Motion Stability's Blog

Musicians With Too Much Flexibility by BCollier
August 22, 2012, 5:11 pm
Filed under: Movement Dysfunction, Musicians, Upper Extremity

When first learning a musical instrument, it is often the flexibility of a person that gives them an advantage to playing with superior technique.  In the case of hand flexibility, the ability to easily span octaves or assume challenging fingerings make technically demanding pieces seem much more feasible.  However, in cases of extreme mobility, musicians will often revert to firm pressures  to better stabilize their instrument. When firm pressures are applied against a firm surface, often posistions of hyperextension are assumed.

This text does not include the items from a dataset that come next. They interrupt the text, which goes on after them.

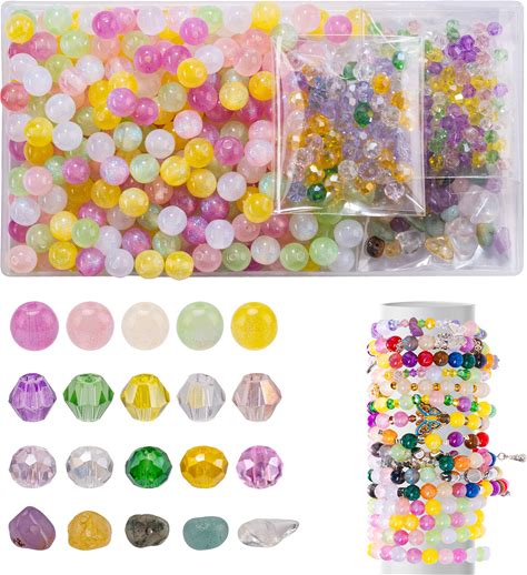 Craft Glass Assorted Beads For Bracelet Making Kit, Including Rondelle Beads, Facted Crystal Beads, Ideal For DIY Handmade, Charms, Necklaces &
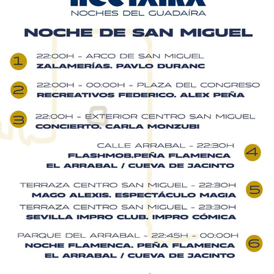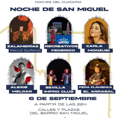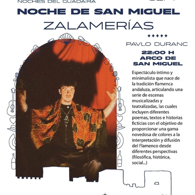 Bajo el arco del mismo nombre, pórtico del barrio desde la calle San Fernando, la Noche de San Miguel dará comienzo con 'Zalamerías' de Pavlo Duranc, un espectáculo que nace de la tradición flamenca andaluza, articulando una serie de escenas musicalizadas y teatralizadas que incluyen poemas, textos e historias con las que difundir el flamenco desde diferentes perspectivas.
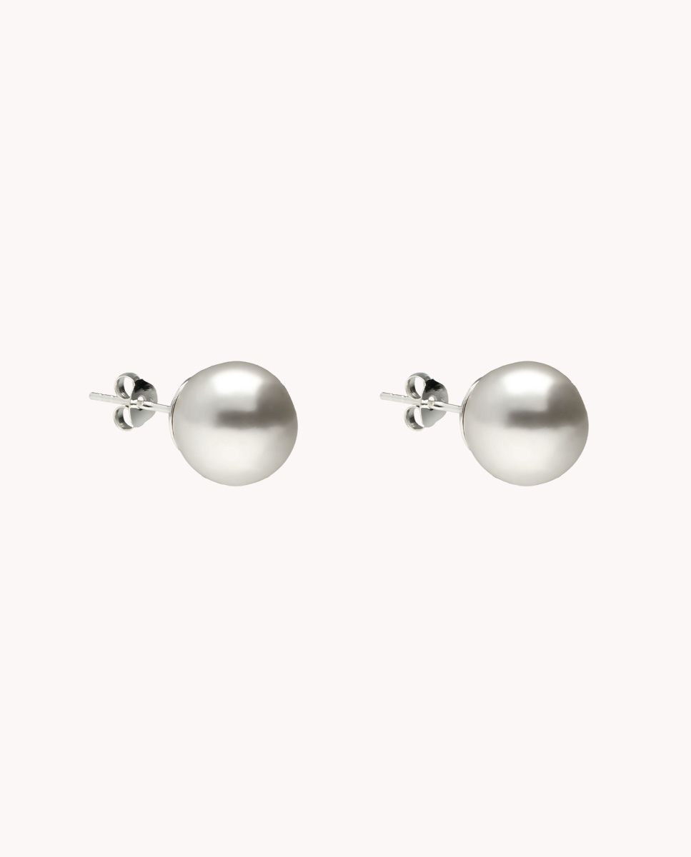 Pendientes de plata de ley 925 con perla de 10 mm de diámetro y cierre de presión.

Such positions, especially frequently repeated or chronically maintained, put your joints at risk for injury. Contrastingly, many people with extreme joint flexibility will try to brace themselves by co-contracting multiple muscle groups to give a feel of stability. Often, in these cases, the muscles become more subject to injury as they approach a state of fatigue and overuse.  Potential solutions for musicians who suffer from too much joint flexibility include ring splints- as seen in the picture below.  Splints, such as those found at allow the musician functional use of their fingers, while adding an external support to the joints to prevent injury.

Fig 3

Proper fit and splint selection are essential for best outcomes with assistance in music performance.  Be sure to consult a PT or certified hand therapist to assist you with you decisions!